One of the world’s most eminent laser eye surgeons and ex-naval officer, Dr Schallhorn, created and initiated the first refractive surgery programmes for the US Armed Forces studying visual recovery and performance characteristics. He has since helped develop new technology and a procedure called Advanced CustomVue LASIK with Iris Registration (IR) Technology.

Optical Express has employed Dr Schallhorn as Chairman of its International Medical Advisory Board (IMAB) and has introduced this CustomVue procedure to all its clinics. Because your eyes and your vision are as unique to you as your fingerprints and DNA, this procedure makes it possible to provide tailored vision correction.
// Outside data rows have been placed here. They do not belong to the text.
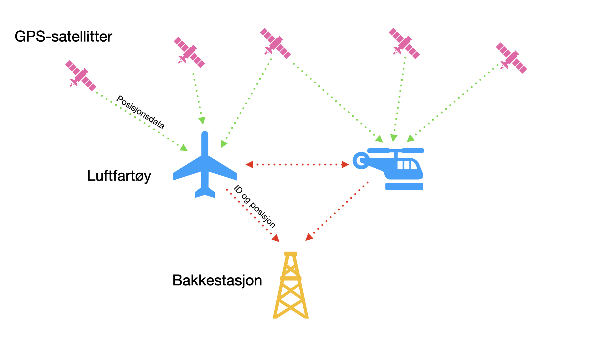 Enkelt forklart bruker fly og helikoptre GPS-satellitter for å beregne sin egen posisjon. Denne posisjonen sendes ut som et radiosignal på 1090 MHz, sammen med en unik identifikator (ICAO-adresse eller HEX-kode), fart, kompassretning og annen telemetri. Signalene sendes flere ganger per sekund og kan fanges opp både av andre luftfartøy og bakkestasjoner. Hvilke data som sendes ut kan variere noe mellom ulike luftfartøy.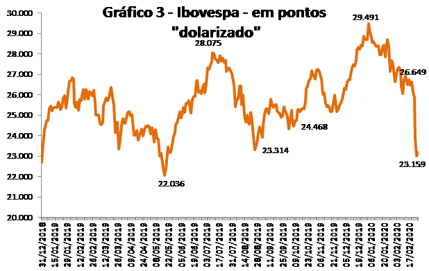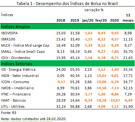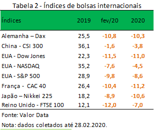 Externamente, em fevereiro, viu-se forte aversão ao risco no mercado internacional por conta do coronavírus, fazendo com que as principais bolsas mundiais tivessem recuo similar ao mercado brasileiro no mês passado. Como exemplo, vejam que o índice Dow Jones, dos EUA, recuou 11,5% em fevereiro (ver tabela abaixo).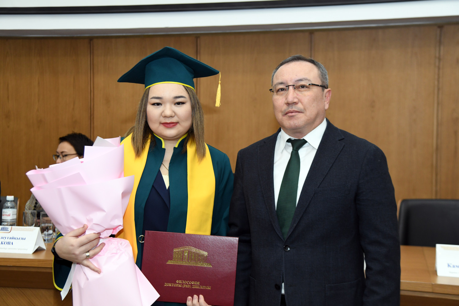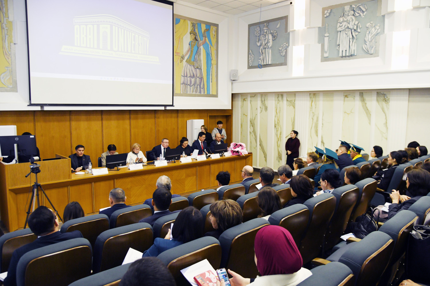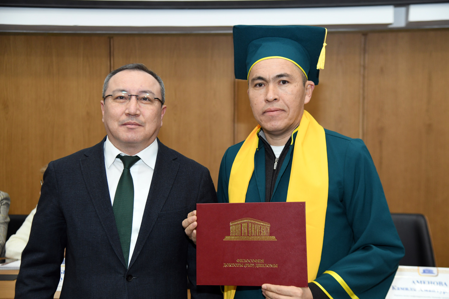 At the meeting of the Academic Council, young scientists who received PhD degrees in a number of educational programs were solemnly awarded. In particular, Baykhozhayeva Gulzhaukhar Mazhitovna ("Biology"), Aryn Yerzhan Omaruly ("Linguistics"), Musakhan Ryskul Myrzakhankyzy ("Geography"), Khorgasbai Enlik Tokhpolatkyzy ("Geography"), Nabiyev Vakil Huseynovich ("Political Science") and Yusupov Kuanyshbek Yesenbekovich ("Sociology") were awarded a PhD, Bulat Anapiyevich officially congratulated them.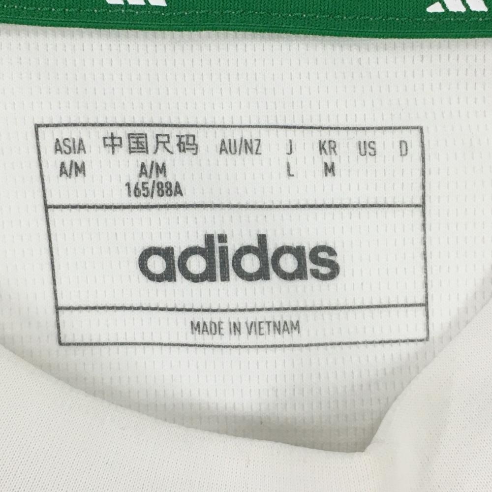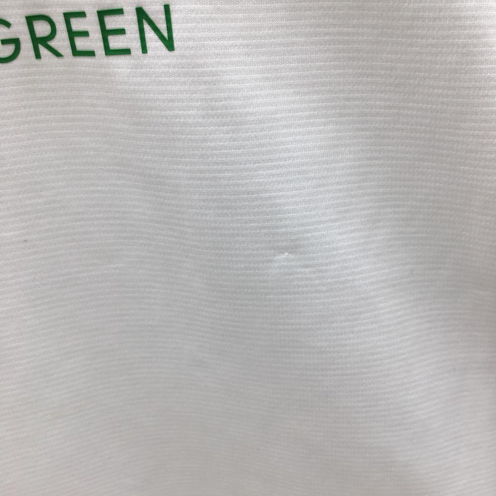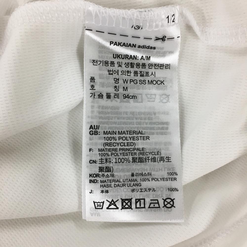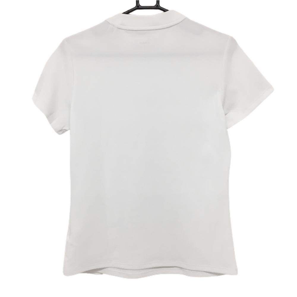 アディダス 半袖ハイネックシャツ 白×グリーン ゴルフ柄 ネックロゴ 袖ワッペン レディース L ゴルフウェア adidas

Before entering medical school, Dr Schallhorn had a successful career as a Naval Aviator and Topgun instructor in the US Navy. While he was a Topgun instructor at Miramar, screenwriter Jack Epps Jr interviewed him as the basis for the movie ‘Top Gun’. Though the movie is a fictitious portrayal of Naval Aviation, many of the events in the movie were based on stories relayed by Dr Schallhorn.

Optical Express has treated many police officers and military personnel in the UK who have benefited greatly from laser eye surgery. From studies it can be concluded that approximately 50,000 procedures using the CustomVue technology are performed annually in Department of Defence refractive surgery centres.

Thousands of soldiers and airmen serving in Iraq have had the procedure which many describe as ‘life saving’ because of the harsh environment in which they are serving. In addition, every pilot treated that was outside visual qualification limits was returned to full flight status after surgery. The study also shows a 50 per cent improvement in rifle shoot accuracy after surgery, as measured in a controlled study using the ‘beam hit’ marksmanship system.

Today, more than 10 per cent of all personnel entering navy flight training have had a refractive procedure and figures show that growing numbers of UK police officers are also benefiting.